Photos: Yannick Revel
A peine plus de deux ans et Xalbat Seosse Oxarango et Bastien Dufau sont en passe de réussir leur pari. Le constat est simple ; très consommé en Pays Basque Sud, le cidre basque peine à s’imposer dans les habitudes alimentaires du côté nord des Pyrénées. En rajeunissant son image et en adoucissant son goût, ils parviennent désormais à séduire un public plus large.
Coup de jeune sur le cidre basque
Le nouveau souffle commence par le look. Un logo au design réussi rappelle les racines marines du Pays Basque. Quant aux flacons, ils sont habillés d’étiquettes colorées et même déclinés en version 33cl, comme une bouteille de bière. Mais l’apparence ne fait pas tout. La plus grande réussite se trouve sous le bouchon. Pour élaborer un cidre différent, les deux jeunes hommes font appel à Agustín Etxeberria, patron d’une cidrerie à Astigarraga, la Mecque de l’élixir de pommes. Avec lui, ils conçoivent une gamme de cidres, de vins et de jus de pommes, avec un nouveau souffle mais sans jamais trahir la tradition.

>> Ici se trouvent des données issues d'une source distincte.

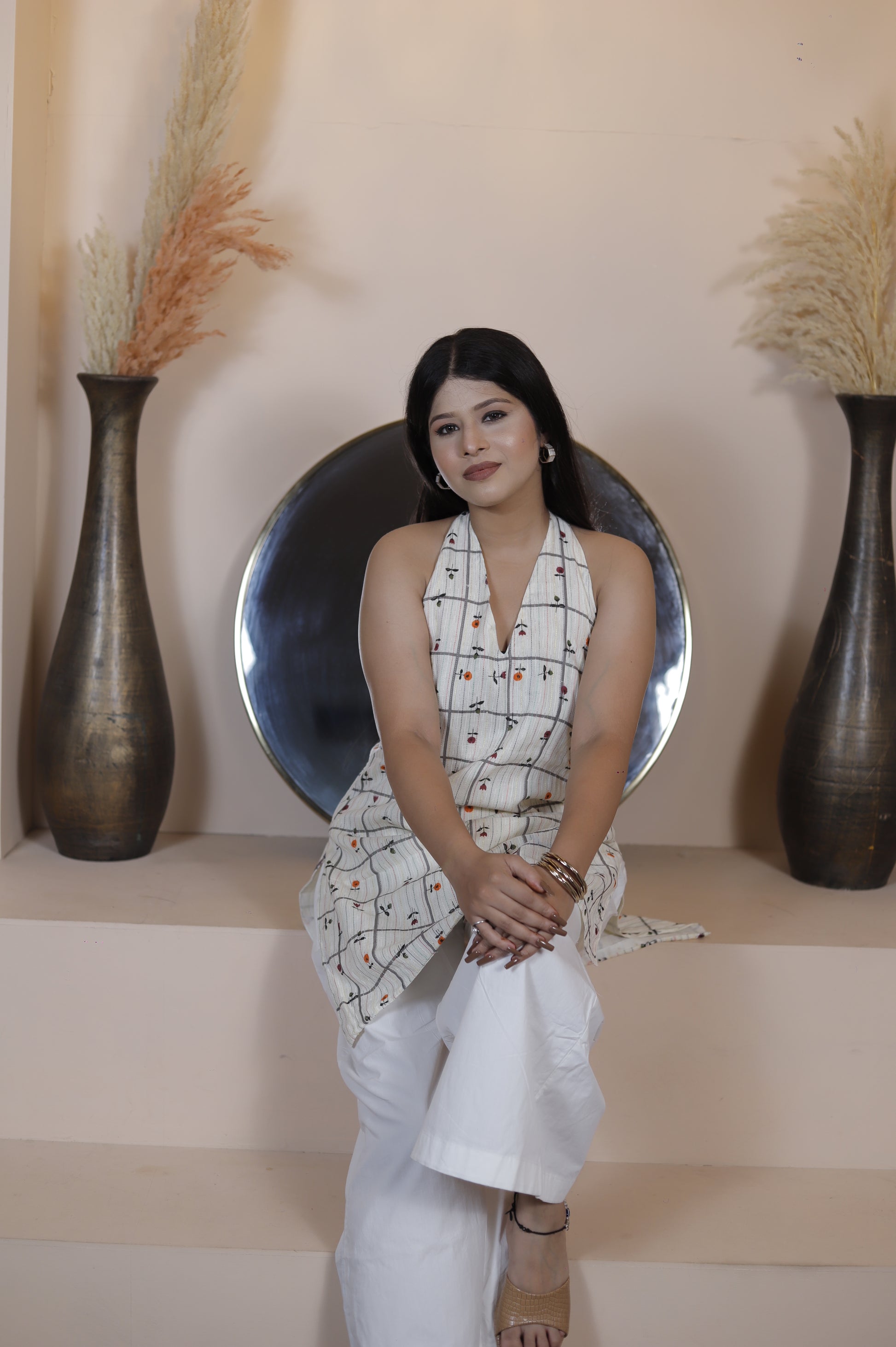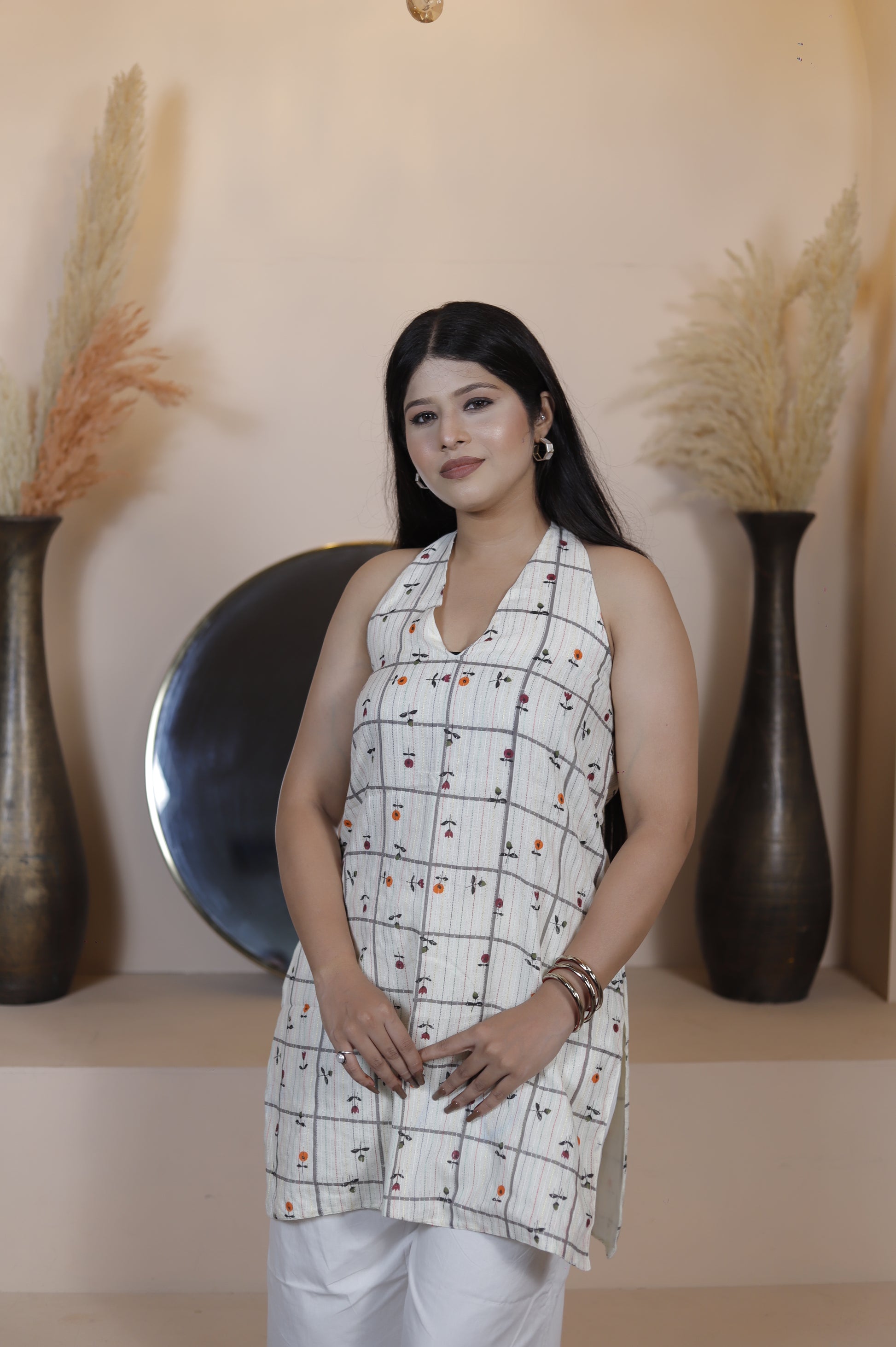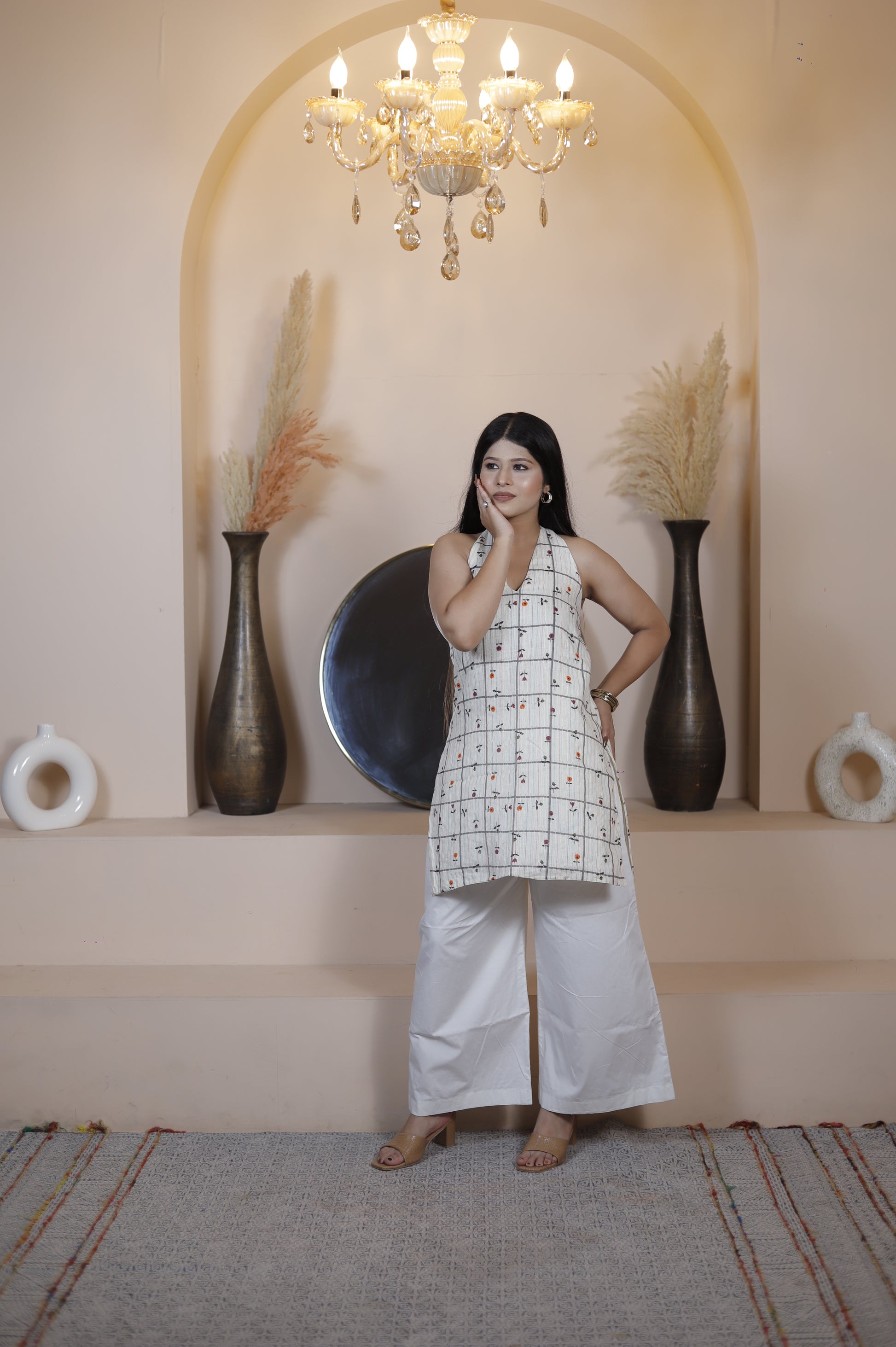 Elevate your ethnic wardrobe with our Beige Halter Neck Embroidered Kurta, paired with crisp white palazzo pants. The kurta features a modern halter neckline with intricate floral embroidery arranged in a grid pattern, giving it a perfect blend of traditional craft and contemporary style.

Composé avec des pommes exclusivement cultivées au Pays Basque, les produits Kupela (outre les jus) se déclinent en deux versions. L’une est pétillante, fraîche et se rapproche de l’idée que le public français pourrait se faire d’un cidre, tout en conservant son caractère local. L’autre est issue d’un procédé différent, la vinification du moût de pomme. A ce sujet Bastien nous rappelle l’étymologie du mot sagardo (cidre en basque). « Il ne faut pas oublier que sagardo vient des mots sagar qui signifie pomme et ardo qui veut dire vin » précise-t-il. D’ailleurs, comme le nectar de raisin, il est mûri en tonneau (kupela en basque). Le résultat est fruité, avec plus de structure et de complexité que le cidre classique. Et surtout, l’amertume souvent reproché au cidre traditionnel disparaît totalement. Ce qui n’est pas pour déplaire aux hommes, comme aux femmes.
Ces boissons non sucrées constituent une alternative intéressante aux rouges, rosés ou blancs débouchés usuellement au cours d’un repas. Et mieux qu’un long discours, la preuve passe par les actes et plus précisément par les fourneaux de Lionel Elissalde. Le trublion gastronomique du restaurant Chez Martin compose une harmonie de saveurs en parfait accord avec la gamme de son hôte. Avec un demi-sec clair et légèrement acidulé, il associe de petites barques dont les passagers sont la truite de Banka, l’avocat, le pamplemousse et une mayonnaise à l’encre de poulpe. Toujours sur le même flacon, il poursuit avec un œuf fermier d’Arradoy accompagné d’artichaut et d’une fine chiffonnade de cecina. La fraîcheur et la finesse du cidre balance avec la riche onctuosité des aliments.
Un breuvage passe-partout
Les agapes s’enchaînent au son des chants basques avec un vin de pomme à 6°. Frais et rond à la fois, il se marie à merveille avec le cabillaud skrei posé sur une pulpe de potimarron. Il s’équilibre aussi sur la txuleta d’Agustín Etxeberria (encore lui) cuite à la plancha. Enfin, que dire de l’accord avec le fromage de brebis ? Bien meilleur ainsi qu’avec du vin rouge, indéniablement.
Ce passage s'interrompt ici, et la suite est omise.